Items from a data source
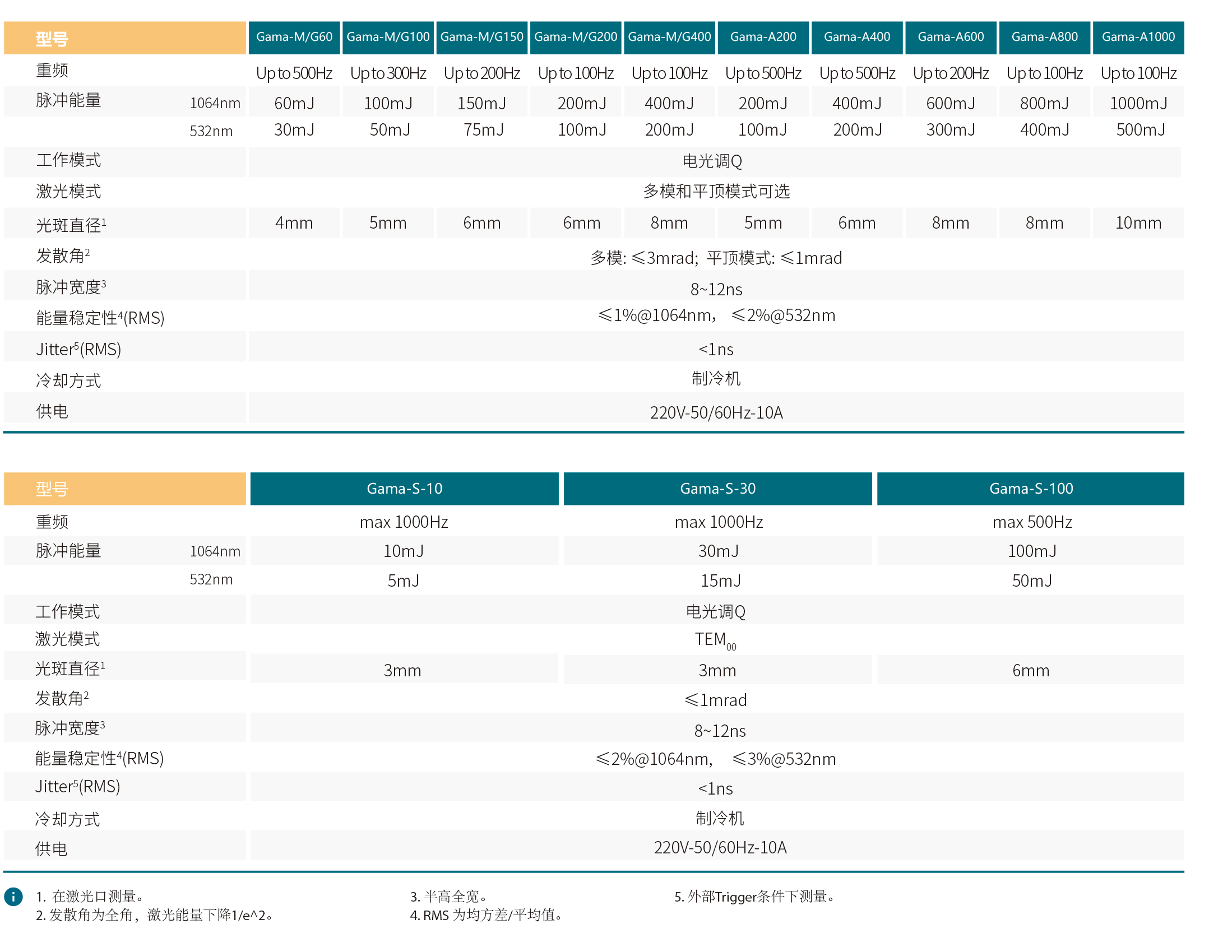 Gama系列是一款兼具高重频和高能量的二极管泵浦脉冲固体激光器(DPSS)广泛应用于激光雷达、泵浦OPO、泵浦钛宝石、激光烧蚀等应用。激光器重频有100HZ、200HZ、300Hz、500Hz、1kHz可选,脉冲能量可输出10mJ到1000mJ,平均功率高达100W。
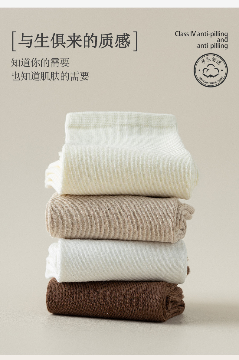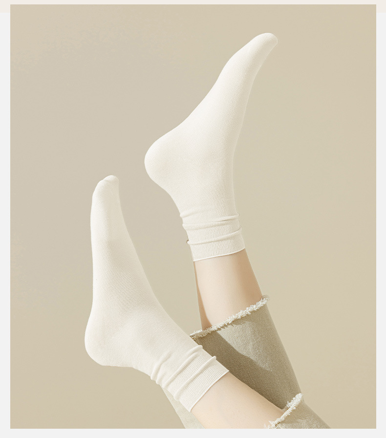 가을 새로운 다크 브라운 스타일 중간 길이 양말 간단한 기본 스택 양말 뼈없는 양말 면 화이트 Zhuji 양말
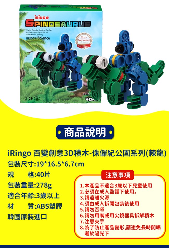 韓國iRingo 百變創意3D積木-侏儸紀公園(棘龍)
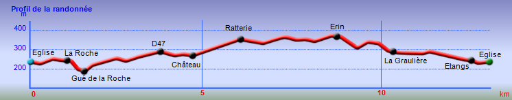 Voici une autre randonnée présentée sur l'excellent site de randonnée en Limousin du Conseil Général de la Haute Vienne et dont une partie de la boucle ne passe qu'à 2 km du hameau qui m'a vu naître. En plus de la campagne habituelle de cette partie du Limousin consacrée à l'élevage et à la polyculture, on peut visiter un petit bourg qui a longtemps remporté tous les concours des villages fleuris, une source originale très fraîche, le magnifique village de la Roche, les bords de la Vienne, de vieilles pierres dont quelques puits en très bon état et bien sûr des étangs partout. Ce sont en réalité deux boucles reliées par un chemin commun et le sens de parcours importe peu. Les quelques portions de goudron sont courtes et toujours agréables. De plus, la circulation n'y est pas très importante.
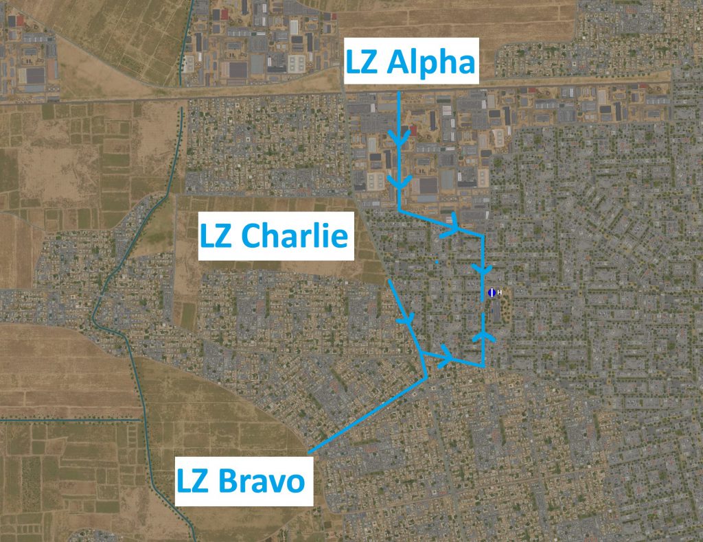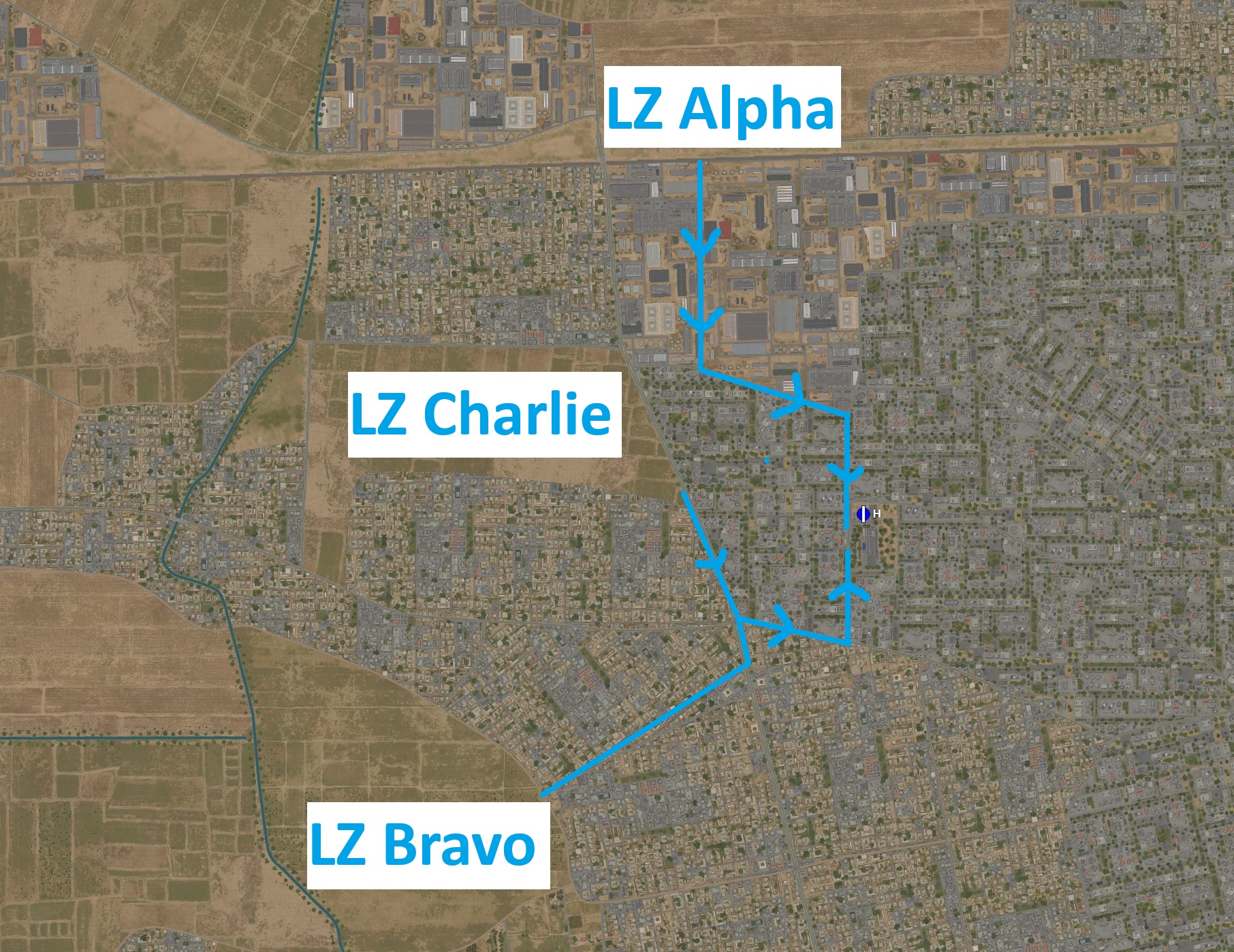 waypoints: 1. FARP 2. LZ Alpha 3. LZ Charlie 4. LZ Bravo 4. Hospital
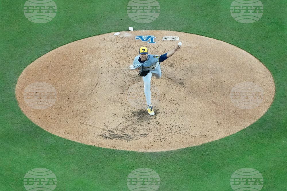 Milwaukee Brewers pitcher Chad Patrick throws against the Los Angeles Dodgers during the third inning in Game 4 of baseball's National League Championship Series, Friday, Oct. 17, 2025, in Los Angeles. (AP Photo/Ashley Landis)
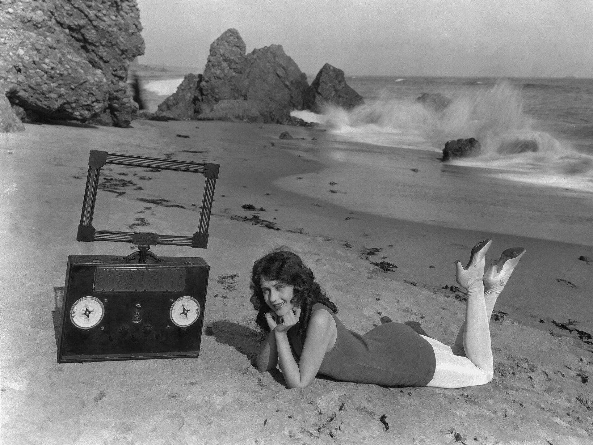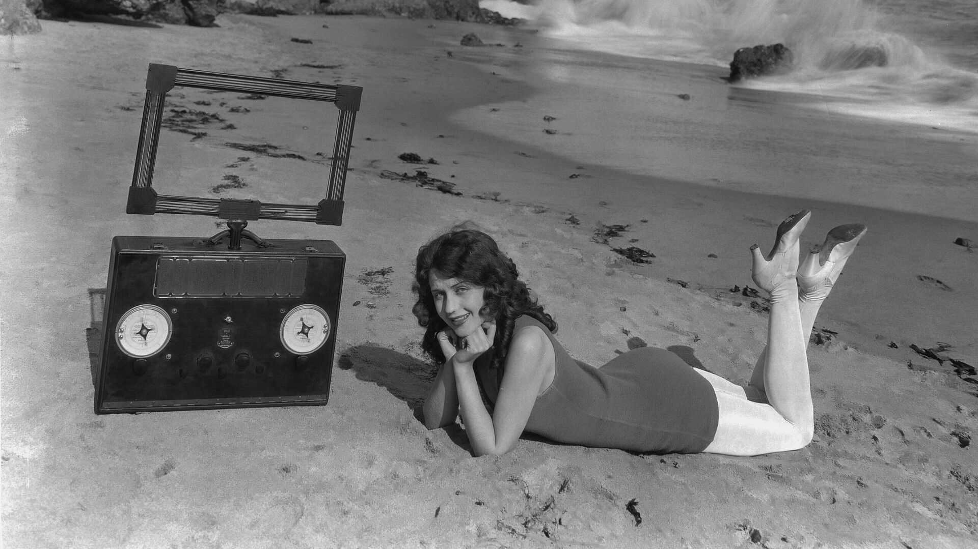 © Getty Images / Camerique Девушка на пляже в Калифорнии со старинным радиоприемником
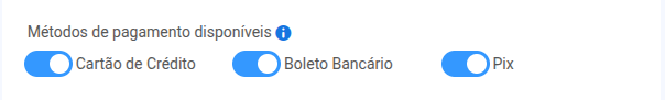 Ao ativar, serão exibidas opções de configuração para Cartão de Crédito, Boleto Bancário e Pix.
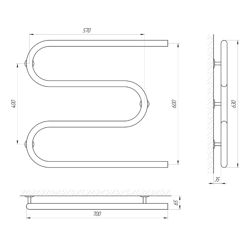 Рушникосушка Laris Змійовик 30 РС3 700х600.
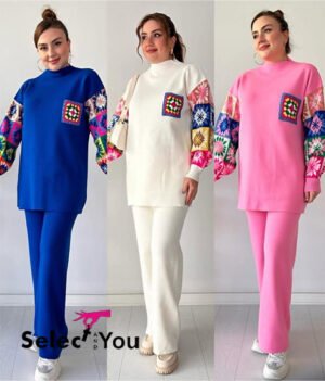 New luxury velvet finish nightwear fur sleeve sets
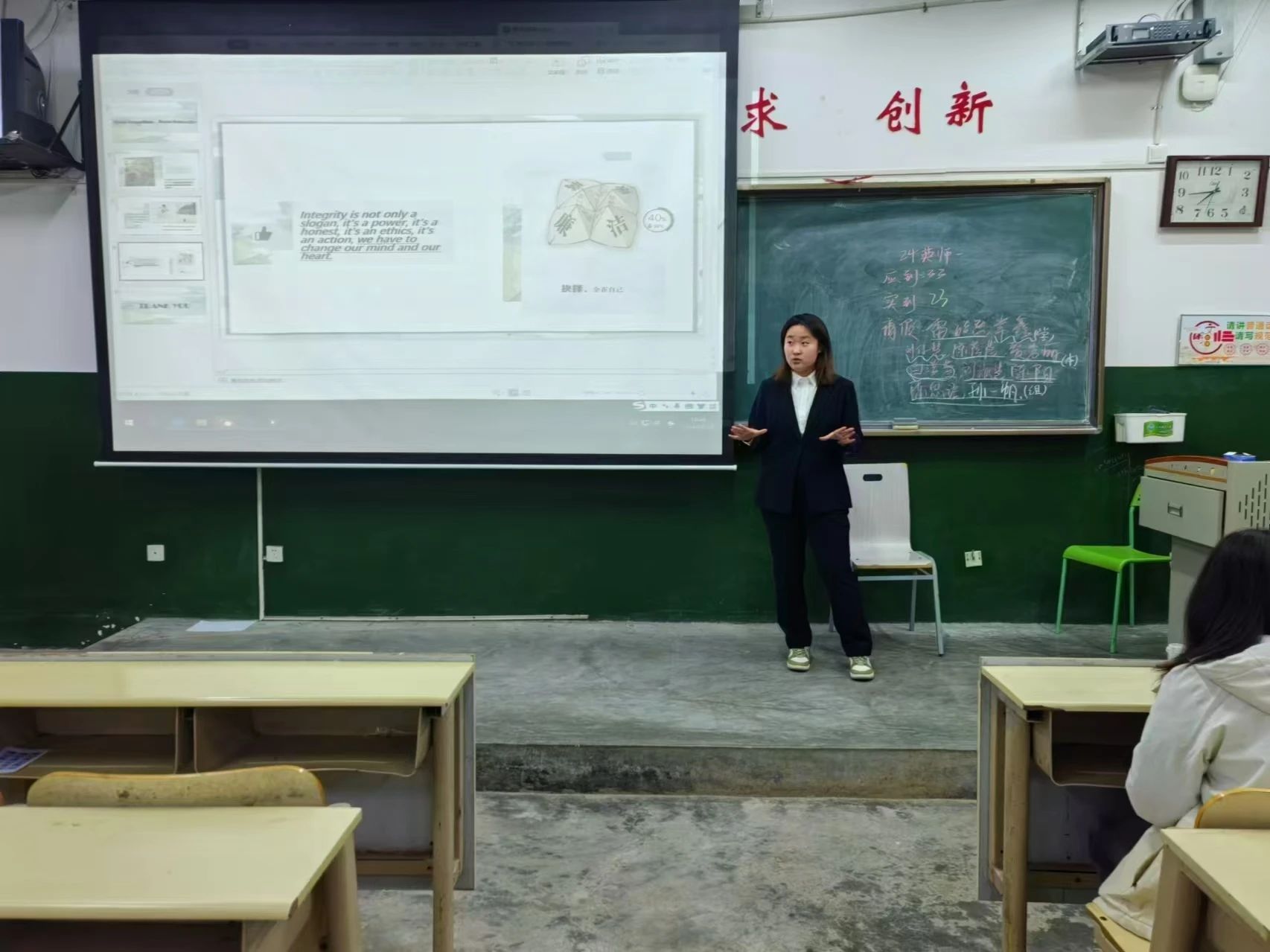 在比赛期间,学生们自信且从容地以流利的英语口语,生动地表达出自己对于廉洁的深刻理解,同时还阐述了各自所熟知的廉洁故事。2023 级商务英语专科二班的陈润雨同学,其作品旁征博引、构思精巧,给评委们留下了极为深刻的印象,成功在众多参赛者中脱颖而出,拔得头筹。2023 级商务英语专科一班的徐天天同学,其作品则巧妙地利用生动的视频向大家展示了何为廉洁,并且结合贴合廉洁主题的图片,极大地增强了作品的说服力。评委们综合各方面因素进行考量,最终评选出了一等奖、二等奖、三等奖。
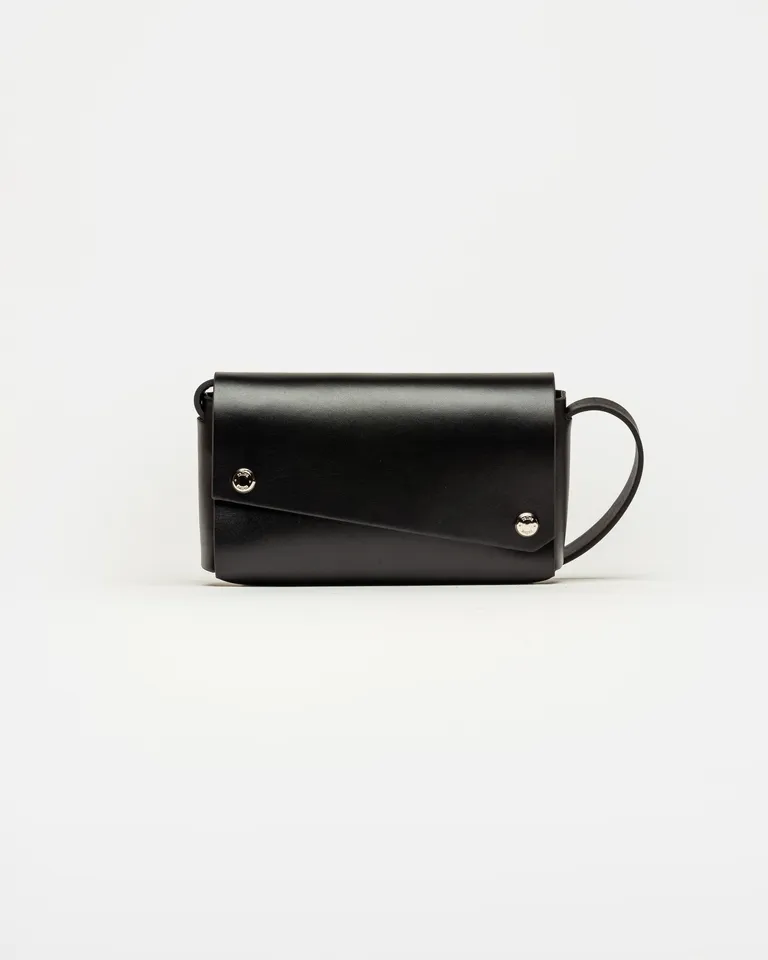 Bandolera pequeña con diseño minimalista, estructura rígida y cierre mediante solapa con broches metálicos. Ideal para complementar looks urbanos y modernos, ofreciendo un accesorio compacto y funcional para el uso diario.
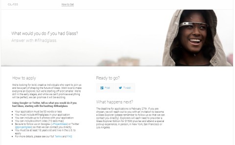 Google會召集一個評審團來遴選這些不同的創意,結果預計於3月中下旬出爐,獲選的民眾即有資格購買Google Glass,但必須親自到紐約、舊金山或洛杉磯領取。
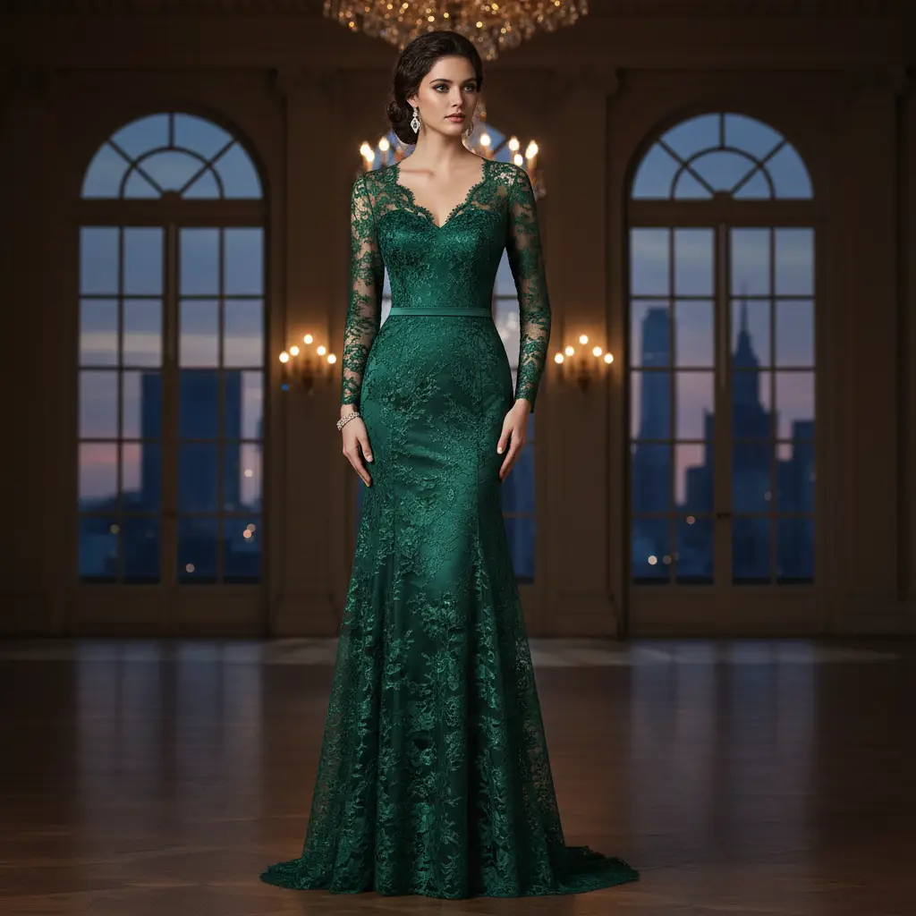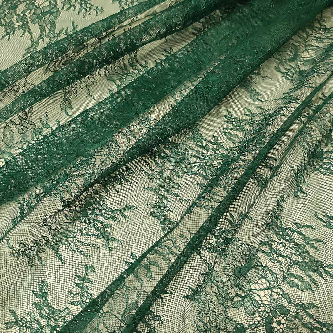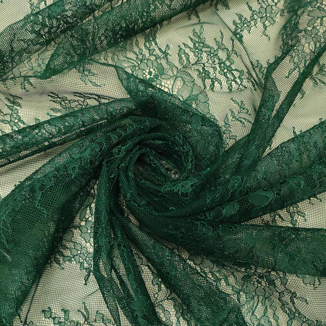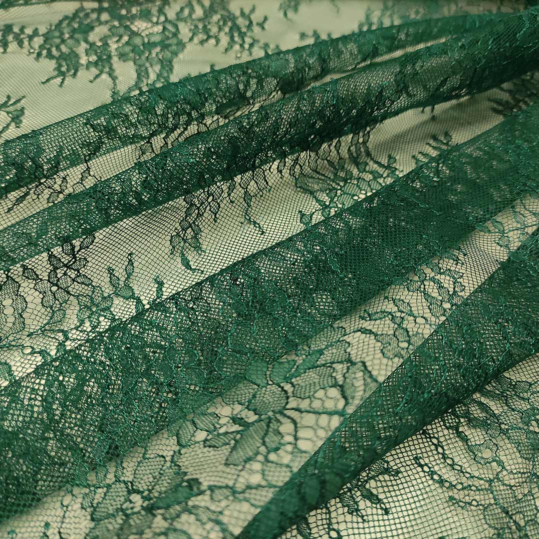 Tessuto pizzo chantilly motivo floreale verde smeraldo

▶ Your instructions: The answer should contain nothing but the lines from the top of the data above through the line containing "Ao ativar, serão", copied exactly, with no images.

▶ Your response:
 Gama系列是一款兼具高重频和高能量的二极管泵浦脉冲固体激光器(DPSS)广泛应用于激光雷达、泵浦OPO、泵浦钛宝石、激光烧蚀等应用。激光器重频有100HZ、200HZ、300Hz、500Hz、1kHz可选,脉冲能量可输出10mJ到1000mJ,平均功率高达100W。
 가을 새로운 다크 브라운 스타일 중간 길이 양말 간단한 기본 스택 양말 뼈없는 양말 면 화이트 Zhuji 양말
 韓國iRingo 百變創意3D積木-侏儸紀公園(棘龍)
 Voici une autre randonnée présentée sur l'excellent site de randonnée en Limousin du Conseil Général de la Haute Vienne et dont une partie de la boucle ne passe qu'à 2 km du hameau qui m'a vu naître. En plus de la campagne habituelle de cette partie du Limousin consacrée à l'élevage et à la polyculture, on peut visiter un petit bourg qui a longtemps remporté tous les concours des villages fleuris, une source originale très fraîche, le magnifique village de la Roche, les bords de la Vienne, de vieilles pierres dont quelques puits en très bon état et bien sûr des étangs partout. Ce sont en réalité deux boucles reliées par un chemin commun et le sens de parcours importe peu. Les quelques portions de goudron sont courtes et toujours agréables. De plus, la circulation n'y est pas très importante.
 waypoints: 1. FARP 2. LZ Alpha 3. LZ Charlie 4. LZ Bravo 4. Hospital
 Milwaukee Brewers pitcher Chad Patrick throws against the Los Angeles Dodgers during the third inning in Game 4 of baseball's National League Championship Series, Friday, Oct. 17, 2025, in Los Angeles. (AP Photo/Ashley Landis)
 © Getty Images / Camerique Девушка на пляже в Калифорнии со старинным радиоприемником
 Ao ativar, serão exibidas opções de configuração para Cartão de Crédito, Boleto Bancário e Pix.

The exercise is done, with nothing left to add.